Exercise: An exact transcription is needed of the lines below from the one with "JustCo redesigns the" through the one with "Вообщем описывать особо", with no other lines and no pictures.

Exercise inputs:
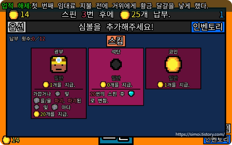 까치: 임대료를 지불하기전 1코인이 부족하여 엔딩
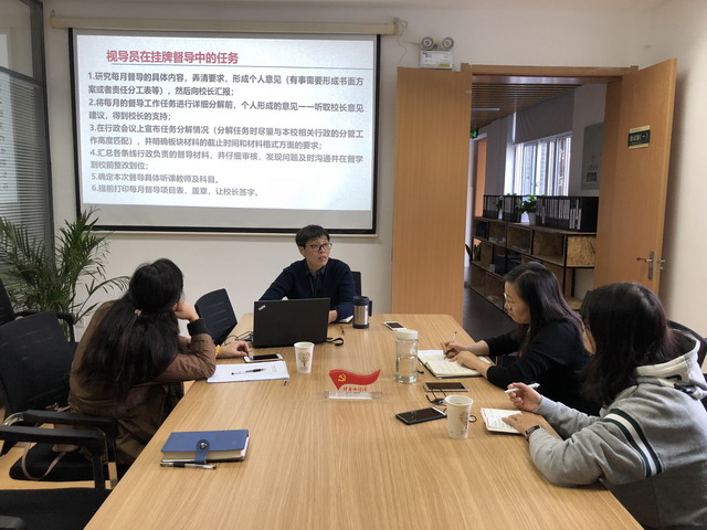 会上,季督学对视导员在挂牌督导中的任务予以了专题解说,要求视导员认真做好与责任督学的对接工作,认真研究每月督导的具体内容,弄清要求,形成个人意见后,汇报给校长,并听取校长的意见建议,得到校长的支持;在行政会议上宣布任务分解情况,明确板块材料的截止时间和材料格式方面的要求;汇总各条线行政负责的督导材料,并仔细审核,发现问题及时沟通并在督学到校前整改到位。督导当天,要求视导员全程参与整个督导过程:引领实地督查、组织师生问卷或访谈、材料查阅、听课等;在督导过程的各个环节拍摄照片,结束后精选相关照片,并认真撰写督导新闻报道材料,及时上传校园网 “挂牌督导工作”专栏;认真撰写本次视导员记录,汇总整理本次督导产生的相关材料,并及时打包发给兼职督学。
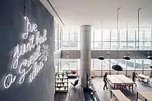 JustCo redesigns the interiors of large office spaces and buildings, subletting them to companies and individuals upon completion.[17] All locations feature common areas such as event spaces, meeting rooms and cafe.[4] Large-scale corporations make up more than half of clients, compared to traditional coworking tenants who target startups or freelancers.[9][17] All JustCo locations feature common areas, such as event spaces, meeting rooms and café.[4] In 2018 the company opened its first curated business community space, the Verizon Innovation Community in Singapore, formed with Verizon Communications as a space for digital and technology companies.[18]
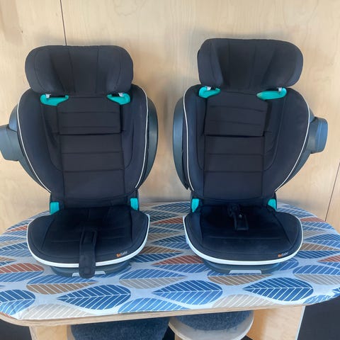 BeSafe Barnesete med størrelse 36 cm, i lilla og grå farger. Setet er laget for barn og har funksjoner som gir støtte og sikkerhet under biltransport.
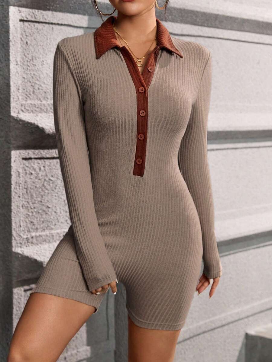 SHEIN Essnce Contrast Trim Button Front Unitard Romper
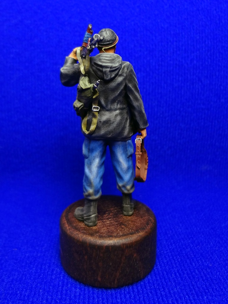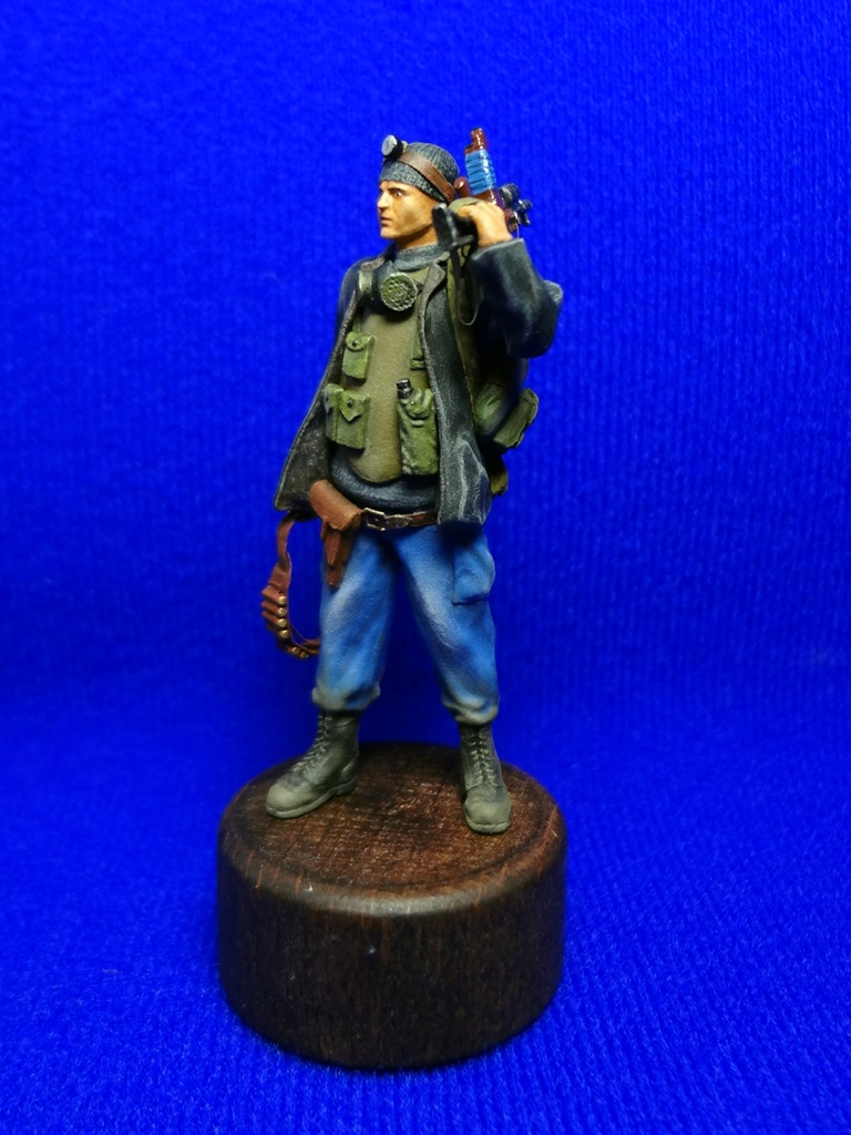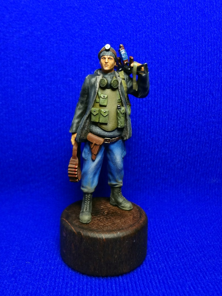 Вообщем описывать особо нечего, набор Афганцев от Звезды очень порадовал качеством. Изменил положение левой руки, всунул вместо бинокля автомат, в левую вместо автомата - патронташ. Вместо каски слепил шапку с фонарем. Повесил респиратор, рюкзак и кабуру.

--

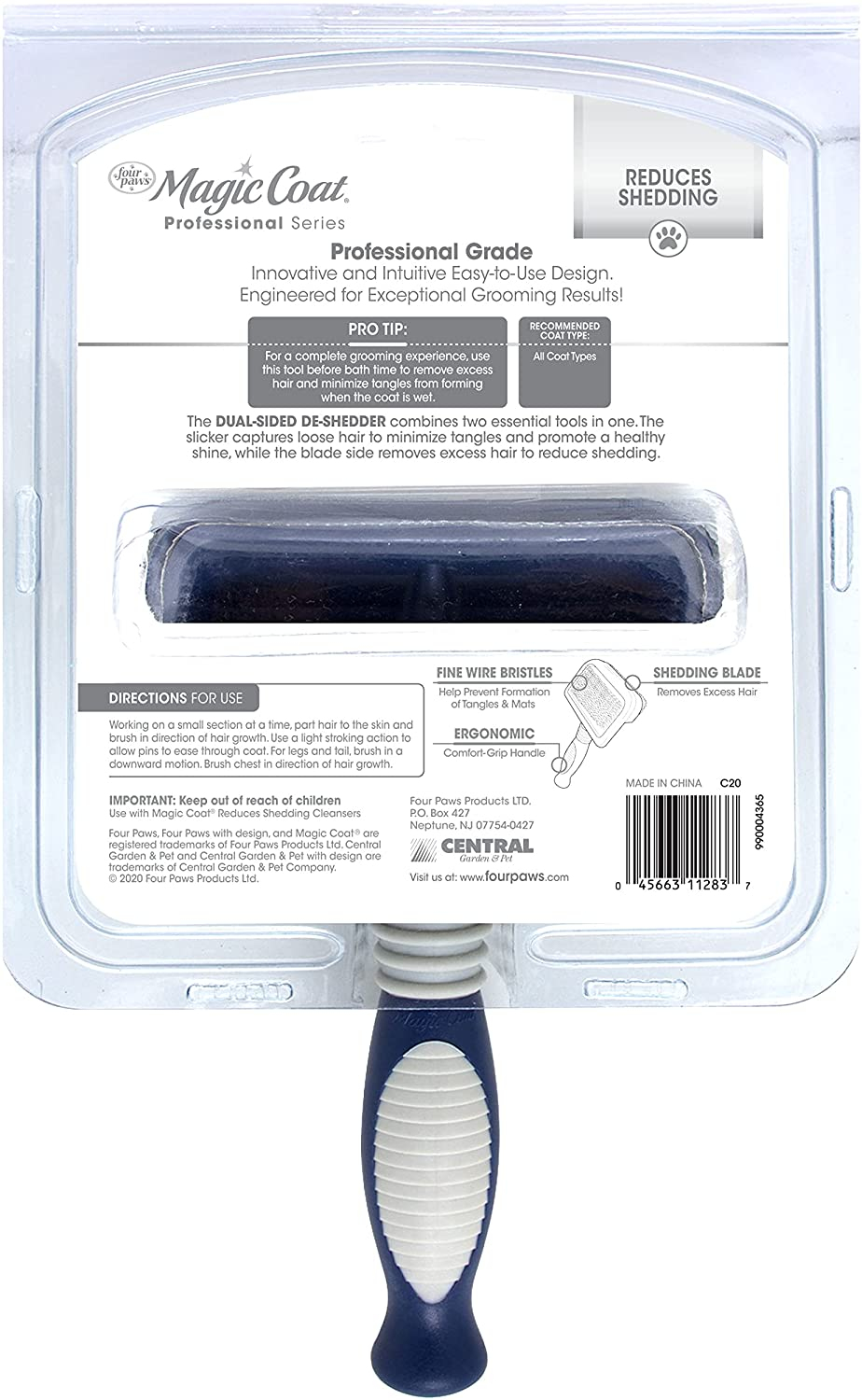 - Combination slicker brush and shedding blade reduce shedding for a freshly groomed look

* * *

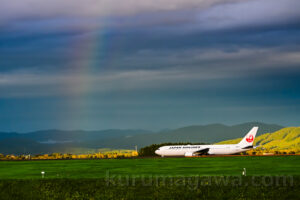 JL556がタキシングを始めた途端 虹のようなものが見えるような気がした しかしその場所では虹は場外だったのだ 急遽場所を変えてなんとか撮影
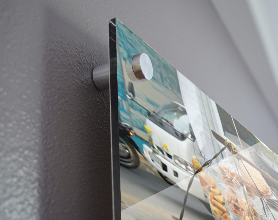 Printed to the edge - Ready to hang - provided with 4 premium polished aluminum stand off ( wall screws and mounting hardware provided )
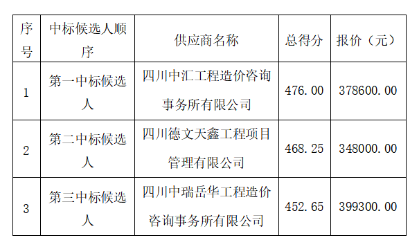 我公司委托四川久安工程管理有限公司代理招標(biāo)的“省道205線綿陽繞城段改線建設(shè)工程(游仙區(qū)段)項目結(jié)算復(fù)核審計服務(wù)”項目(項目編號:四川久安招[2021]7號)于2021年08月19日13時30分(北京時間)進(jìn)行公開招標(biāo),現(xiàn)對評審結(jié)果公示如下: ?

Answer to this exercise:
 JustCo redesigns the interiors of large office spaces and buildings, subletting them to companies and individuals upon completion.[17] All locations feature common areas such as event spaces, meeting rooms and cafe.[4] Large-scale corporations make up more than half of clients, compared to traditional coworking tenants who target startups or freelancers.[9][17] All JustCo locations feature common areas, such as event spaces, meeting rooms and café.[4] In 2018 the company opened its first curated business community space, the Verizon Innovation Community in Singapore, formed with Verizon Communications as a space for digital and technology companies.[18]
 BeSafe Barnesete med størrelse 36 cm, i lilla og grå farger. Setet er laget for barn og har funksjoner som gir støtte og sikkerhet under biltransport.
 SHEIN Essnce Contrast Trim Button Front Unitard Romper
 Вообщем описывать особо нечего, набор Афганцев от Звезды очень порадовал качеством. Изменил положение левой руки, всунул вместо бинокля автомат, в левую вместо автомата - патронташ. Вместо каски слепил шапку с фонарем. Повесил респиратор, рюкзак и кабуру.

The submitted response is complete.